PROVIDED RECORDS:
•••••

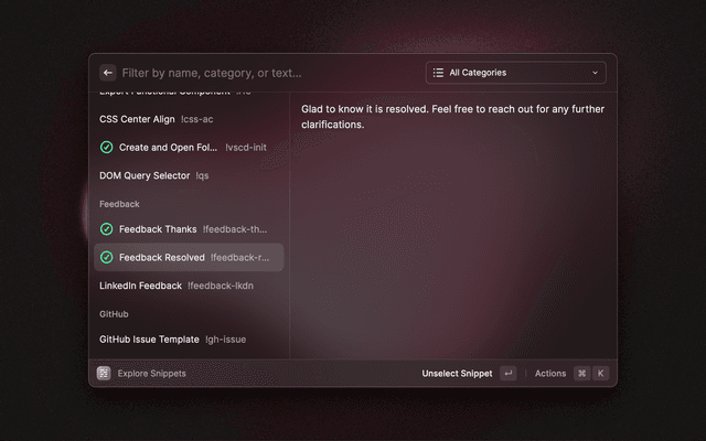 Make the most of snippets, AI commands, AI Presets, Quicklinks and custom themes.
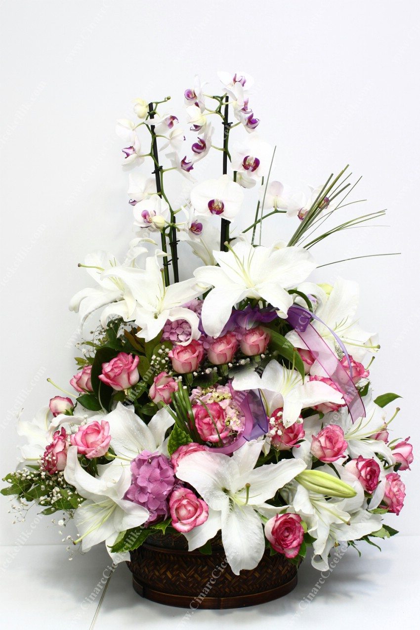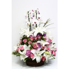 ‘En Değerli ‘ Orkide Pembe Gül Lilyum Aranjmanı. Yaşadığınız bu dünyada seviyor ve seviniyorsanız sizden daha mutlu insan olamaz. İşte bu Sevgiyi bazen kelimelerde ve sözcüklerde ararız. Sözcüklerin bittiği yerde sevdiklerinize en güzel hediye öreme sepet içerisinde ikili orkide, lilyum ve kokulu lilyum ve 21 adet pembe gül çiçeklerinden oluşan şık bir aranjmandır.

•••••

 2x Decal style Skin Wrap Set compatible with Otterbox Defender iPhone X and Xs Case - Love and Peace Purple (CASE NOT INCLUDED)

•••••

WHAT TO PRODUCE: Looking at the listing above, which lines run from the one containing "Make the most" through the one containing "şık bir aranjmandır."? Print exactly those, ends included, pictures excluded.

ANSWER TO THIS EXERCISE:
 Make the most of snippets, AI commands, AI Presets, Quicklinks and custom themes.
 ‘En Değerli ‘ Orkide Pembe Gül Lilyum Aranjmanı. Yaşadığınız bu dünyada seviyor ve seviniyorsanız sizden daha mutlu insan olamaz. İşte bu Sevgiyi bazen kelimelerde ve sözcüklerde ararız. Sözcüklerin bittiği yerde sevdiklerinize en güzel hediye öreme sepet içerisinde ikili orkide, lilyum ve kokulu lilyum ve 21 adet pembe gül çiçeklerinden oluşan şık bir aranjmandır.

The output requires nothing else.